Customers give out information and feedback all the time. For example – by monitoring the amount of time a customer spent on the company’s website, or whether they abandoned a shopping cart midway, or whether their buying habits and preferences seem to have changed suddenly – are all different types of unspoken information that customers provide. By using all the information about a customer, a company can put together a more holistic strategy and be better positioned to create choices that customers would love and be able to use instantly.
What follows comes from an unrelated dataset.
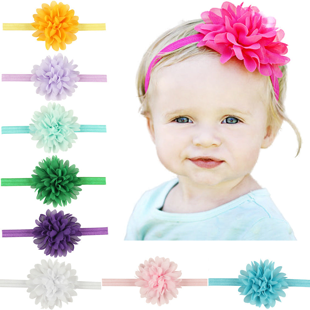 120D chiffon flower children's headband European and American baby 1.5cm elastic hair accessories new chiffon flower solid color headband

Creating and providing choices to customers does require significant planning – just as all other business imperatives. A company must put together options and choices that even customers on a tight budget would be able to buy – for example students are most probably on a fixed monthly pocket money sum – so providing for this group too would increase the total sales for the company. For other higher end customers, the choices could be fancier and come with additional features and ‘frills’. Bringing choices to customers is about giving them the choices they can afford too.

Another version of providing choices to customers is to package an assortment of a number of services and products. These ‘mix and match’ packages would actually create a different product that could be more attractive for a completely different set of customers. By giving choices to customers, a company would be freeing itself of the limitations and would be able to compete in a wider market and customer base. Customers prefer companies that seem to capture all their needs under a single roof – for example a company selling books would do well to also have other products like stationery, DIY kits, toys for kids and whole range of products that people would want to buy when shopping for books.

By propagating the idea of choices to customers, we do not mean that every company can offer every type and kind of product – that would just be silly. However, what we are saying is that when creating choices for customers, companies must remember that not all customers are alike and by adding variety and giving choices to customers, a company can expand its customer base and gain more profits than would be possible by catering to just one type of customer. By giving more choices to customers, your company would be able to capture their business and engage them for a sustained period. Are you up for the challenge?